* _WHAT TO WORK ON_: Below is a listing with pictures. Repeat exactly the lines starting at the one holding "A pair of 1.00ct." and going on through the one holding "Men's Faith Cross", and leave every picture out.

* _INFORMATION_:
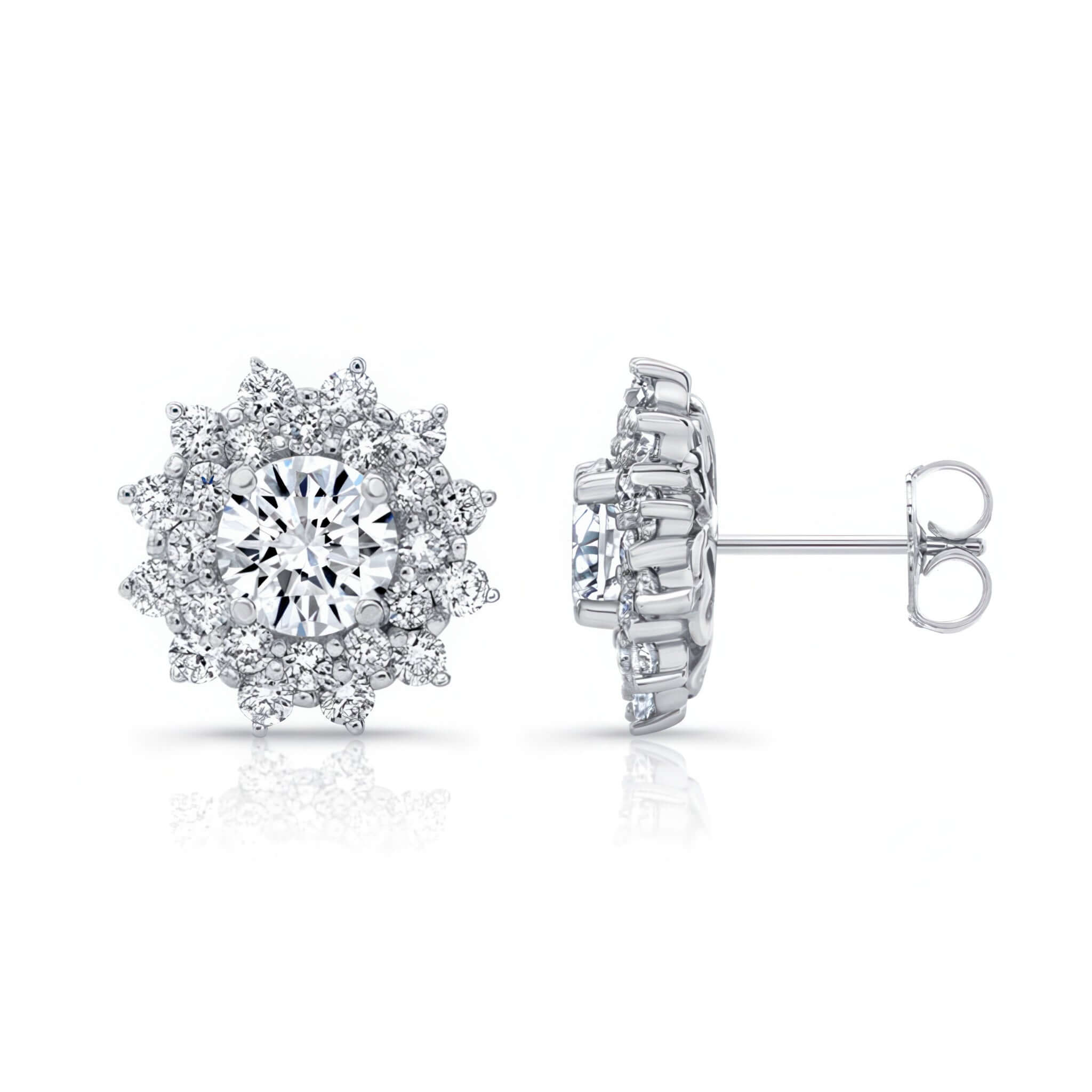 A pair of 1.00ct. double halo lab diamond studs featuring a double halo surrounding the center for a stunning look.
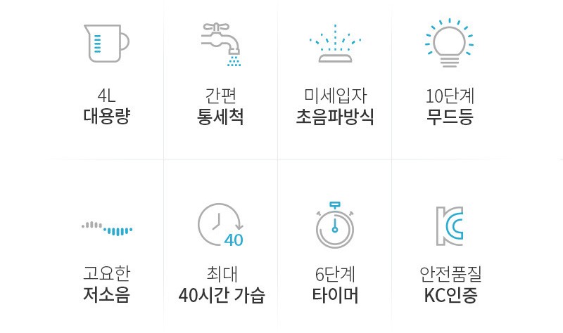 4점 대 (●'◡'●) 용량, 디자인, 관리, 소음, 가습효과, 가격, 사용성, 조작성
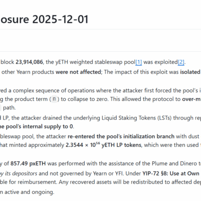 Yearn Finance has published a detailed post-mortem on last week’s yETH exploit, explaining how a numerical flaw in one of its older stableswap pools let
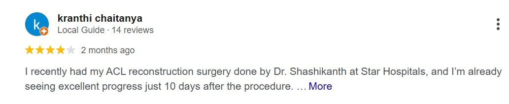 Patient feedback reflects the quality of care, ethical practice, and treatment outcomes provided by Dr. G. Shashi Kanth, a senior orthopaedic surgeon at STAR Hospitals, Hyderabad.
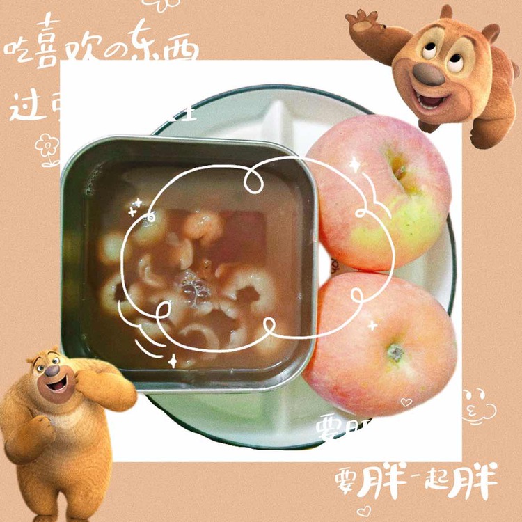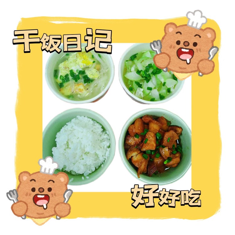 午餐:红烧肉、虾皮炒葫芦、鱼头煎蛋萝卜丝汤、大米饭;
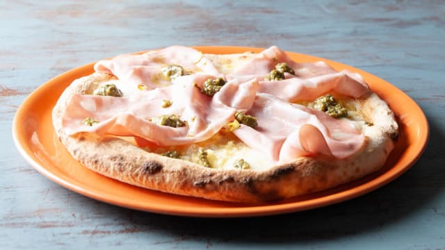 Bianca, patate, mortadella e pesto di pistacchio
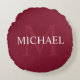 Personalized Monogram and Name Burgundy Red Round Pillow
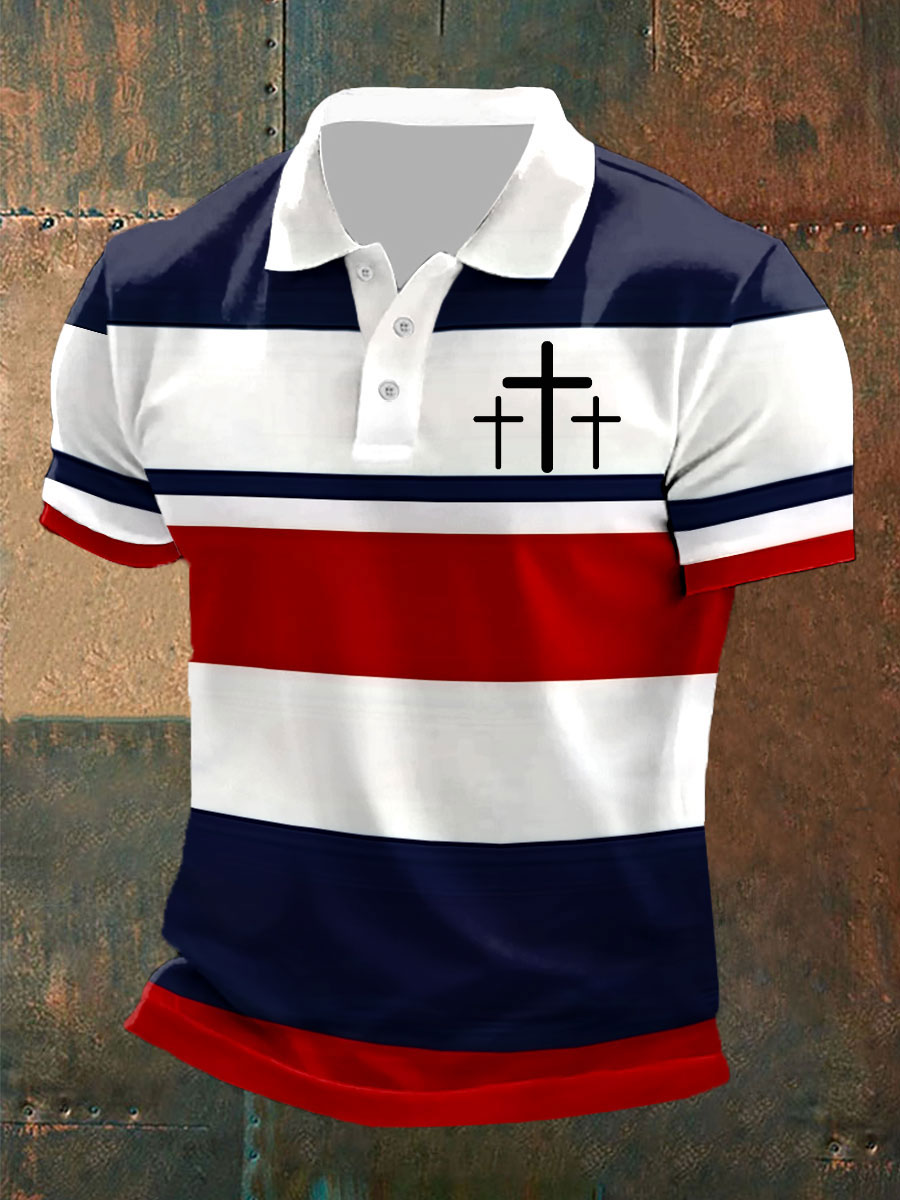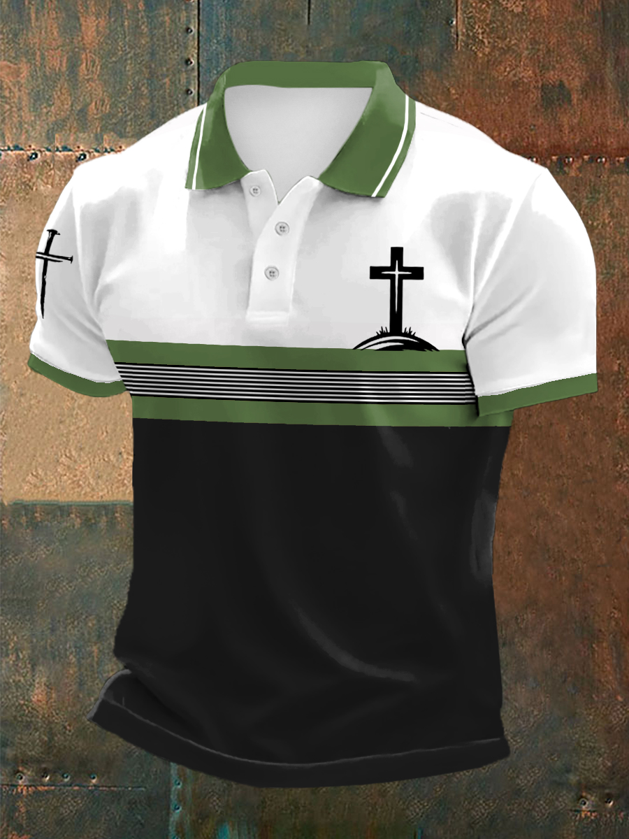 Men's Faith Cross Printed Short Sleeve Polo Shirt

==

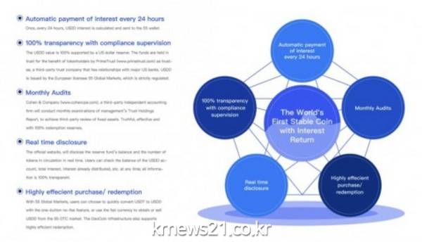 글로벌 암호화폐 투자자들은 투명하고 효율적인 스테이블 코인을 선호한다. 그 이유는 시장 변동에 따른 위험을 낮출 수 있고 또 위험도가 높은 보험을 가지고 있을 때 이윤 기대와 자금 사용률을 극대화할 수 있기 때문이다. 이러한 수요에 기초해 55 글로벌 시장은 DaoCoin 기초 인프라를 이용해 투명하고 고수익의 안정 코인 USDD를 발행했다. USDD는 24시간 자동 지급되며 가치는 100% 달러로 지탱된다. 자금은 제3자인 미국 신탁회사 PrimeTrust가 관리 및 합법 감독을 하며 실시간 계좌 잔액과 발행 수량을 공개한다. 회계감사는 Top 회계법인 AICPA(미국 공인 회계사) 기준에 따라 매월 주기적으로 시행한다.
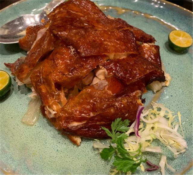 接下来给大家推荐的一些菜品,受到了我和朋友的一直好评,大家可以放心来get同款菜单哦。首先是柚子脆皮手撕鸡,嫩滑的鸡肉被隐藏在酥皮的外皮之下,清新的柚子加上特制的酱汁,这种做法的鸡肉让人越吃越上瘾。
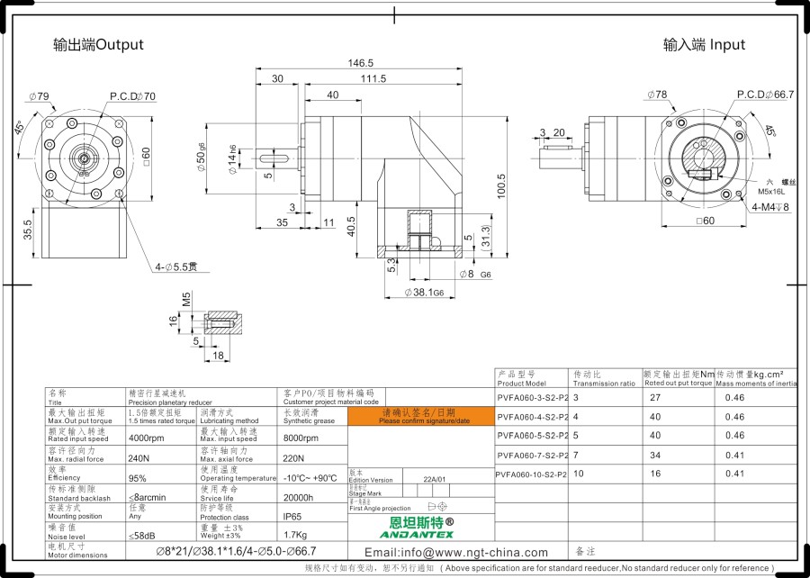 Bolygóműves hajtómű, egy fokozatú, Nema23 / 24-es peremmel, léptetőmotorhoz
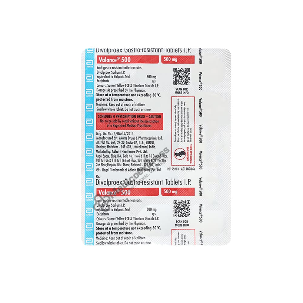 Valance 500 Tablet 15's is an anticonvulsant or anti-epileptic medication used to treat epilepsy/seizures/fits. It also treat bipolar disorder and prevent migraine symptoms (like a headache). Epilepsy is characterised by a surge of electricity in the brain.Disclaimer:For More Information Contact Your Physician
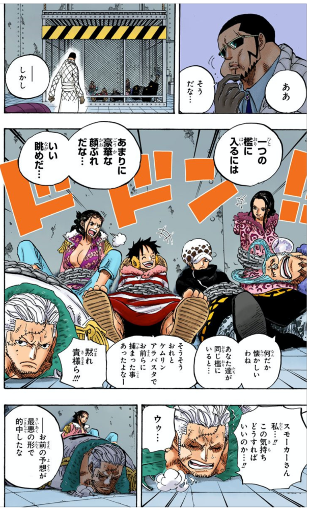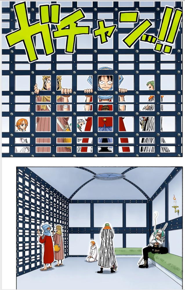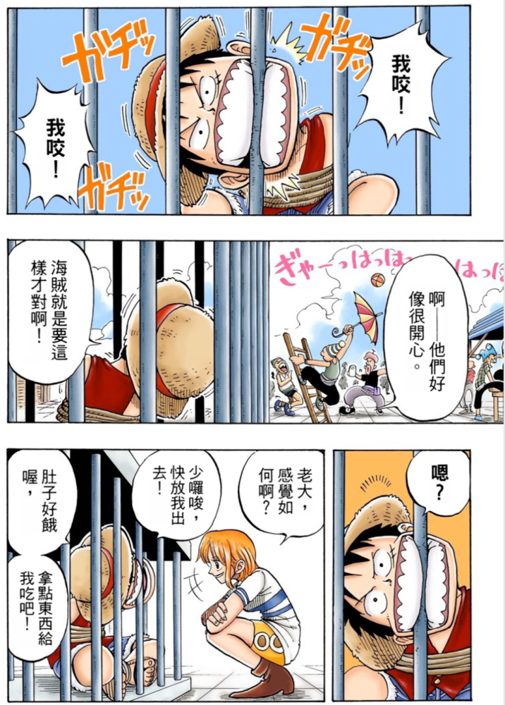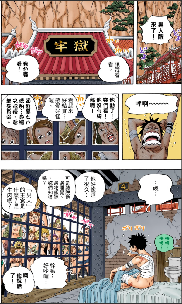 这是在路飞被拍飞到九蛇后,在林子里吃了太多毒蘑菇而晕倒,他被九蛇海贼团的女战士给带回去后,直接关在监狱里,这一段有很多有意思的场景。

* _REPLY_:
 A pair of 1.00ct. double halo lab diamond studs featuring a double halo surrounding the center for a stunning look.
 4점 대 (●'◡'●) 용량, 디자인, 관리, 소음, 가습효과, 가격, 사용성, 조작성
 Yearn Finance has published a detailed post-mortem on last week’s yETH exploit, explaining how a numerical flaw in one of its older stableswap pools let
 Patient feedback reflects the quality of care, ethical practice, and treatment outcomes provided by Dr. G. Shashi Kanth, a senior orthopaedic surgeon at STAR Hospitals, Hyderabad.
 午餐:红烧肉、虾皮炒葫芦、鱼头煎蛋萝卜丝汤、大米饭;
 Bianca, patate, mortadella e pesto di pistacchio
 Personalized Monogram and Name Burgundy Red Round Pillow
 Men's Faith Cross Printed Short Sleeve Polo Shirt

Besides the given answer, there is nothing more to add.